Entrée et sortie de gare devront être validées.

Des contraintes du même ordre s'expriment dans le communiqué sur le contrat RATP du 14 avril 2021 :

« Sur le plan financier, le contrat prévoit un intéressement de la RATP sur le niveau des recettes voyageurs et des validations. La RATP s’engage par ailleurs à maitriser ses coûts d’exploitation et à développer son efficacité́ économique.

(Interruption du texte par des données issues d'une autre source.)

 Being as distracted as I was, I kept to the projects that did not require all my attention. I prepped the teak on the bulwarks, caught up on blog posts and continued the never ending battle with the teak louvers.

Les rémunérations annuelles versées par Ile-de-France Mobilités sont ainsi projetées en baisse de 230 millions entre 2020 et 2024, pour s’établir à 4 480 millions en 2024. »

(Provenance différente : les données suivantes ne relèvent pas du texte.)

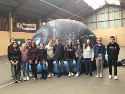 L’après-midi, les membres du club ainsi que tous les élèves de 6e du collège ont pu profiter d’une séance dans le planétarium itinérant installé au gymnase.

Les contrôleurs vont-ils faire du zèle en mettant des amendes là où peut-être un avertissement ou une information aurait suffi ?

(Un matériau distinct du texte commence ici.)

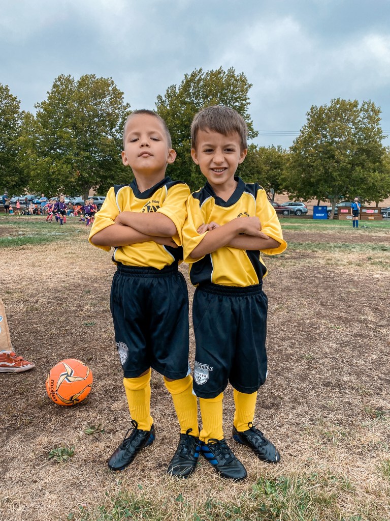 Before I had kids I swore to myself I would never become a soccer mom. Yet, I got married to a soccer coach and here I am. The boys started soccer this past week and they were so excited until their first game this past weekend.

Peut-on parler d'incivilité quand un comportement ni dangereux, ni agressif est sanctionné par une amende parce qu'il gêne un contrat commercial ?

La récupération de données dans le cadre d'un contrat commercial peut-elle imposer un type de comportement à l'exclusion de tout autre ?

Finalement, notre civilité est appréciée à l'aune de contrats commerciaux qui peuvent changer indépendamment de toute véritable réflexion ou accord citoyen sur ce que ces changements signifient dans notre façon de vivre la ville, de s'y déplacer, de s'y tenir tranquille et dans son bon droit.

La rédaction d'Échos du 12 Paris
23 mai 2021

(1) Il n'est pas toujours simple de trouver de suite un agent pour signaler un disfonctionnement.

(2) Etablissement public administratif qui organise et finance les transports en Ile-de-France. Son budget est couvert à plus de 60% par la taxe transports des employeurs.

(3) Voir aussi "La RATP et la SNCF perdent la gestion informatique du Navigo", Eric Béziat, Le Monde, 18 décembre 2018.

(4) Loi relative à la prévention et à la lutte contre les incivilités, contre les atteintes à la sécurité publique et contre les actes terroristes dans les transports collectifs de voyageurs.